I thought of something. Something only a few people would recognize when they find me. I pulled the little bottle of the dark blue nail polish out of my bag. I painted my right middle finger as a sort of last 'fuck you' to the world.

I waited as the nail polish dried. Hoping. Wishing. Praying. That someone. Even a stranger, would talk to me. Someone must see that I look terrible. It dried. This is it. The last block.

A few more houses. A few more feet. My house. My parents weren't home, I guess they were still at work. My mom has a meeting with the Bakers today. She decided to side with them on their case. I think what I'm about to do will make it ten times harder for her. And I'm sorry. But I can't stop.
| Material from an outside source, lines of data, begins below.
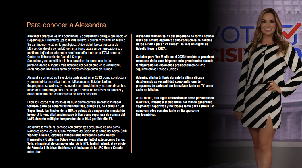 Alexandra Stergios es mucho más que una presentadora de noticias; es una fuerza de la naturaleza. Combinando la integridad periodística con la apasionada energía de sus raíces mexicanas, aporta dinamismo y emoción a cada historia.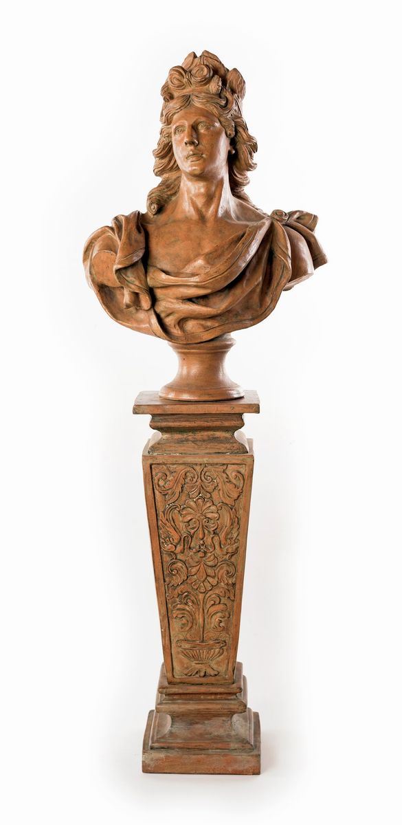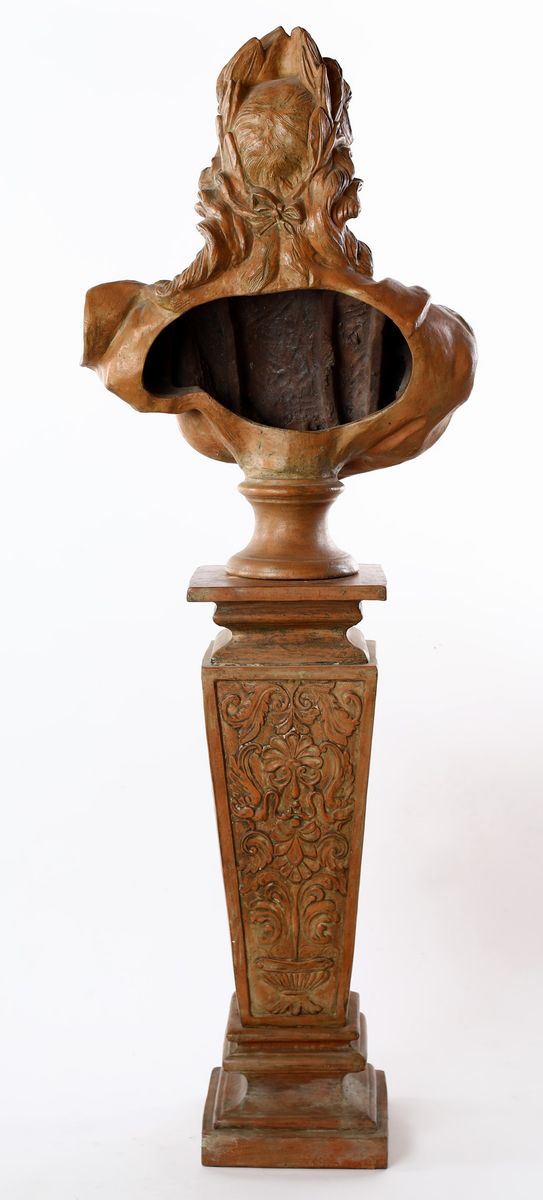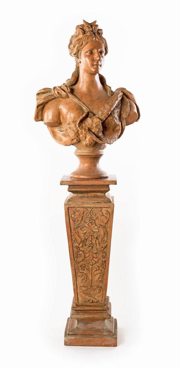 Coppia di busti in terracotta con piedistallo, XIX secolo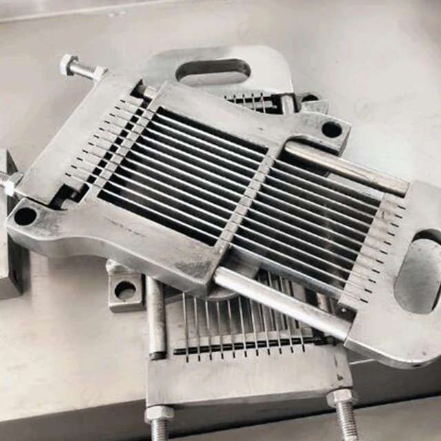 The meat dicer can cut frozen meat -3 to -4 degree into cubes directly,the cutting size is from 3mm to 30mm optional.

I used my key that I had on me this time. Not the one under the plant. It was oddly silent in the house. Not even the air conditioning was on. I could hear the erratic thump of my heart. My labored breathing. I was really doing this. I am doing this.

More tears were falling. I slapped myself repeatedly trying to stop. It just brought more tears on.

"STOP CRYING!" I screamed as loud as thunder rolling in a cloudy sky. I'm sure no one heard anyway. I walked around the house. Downstairs. Upstairs. In my room I paced. Sobbing. Tears and snot were all over the front of my shirt. I ripped it off the sound of cloth ripping was the only other sound in the house other than me. I hiccuped those terrible crying hiccups and made my way downstairs to retrieve something from my bag. That something, will be very important.

I retrieved the small box, and made my way to the bathroom. This is it. This is really it.

I fumbled with the box, trying to open it.

"WHY WON'T YOU JUST FUCKING OPEN!" I cried out and threw the box to the floor and crushed it with my shoe. The cardboard ripped. I picked it up, it was much easier to open it.

My elbows rested on the counter. I caught a glimpse of my naked chest in the mirror. Have I always been that skinny? I looked myself in the eyes. The redness, the puffiness, made my blue eyes look horrible.

I wiped my face with my arms and ran my fingers through my hair.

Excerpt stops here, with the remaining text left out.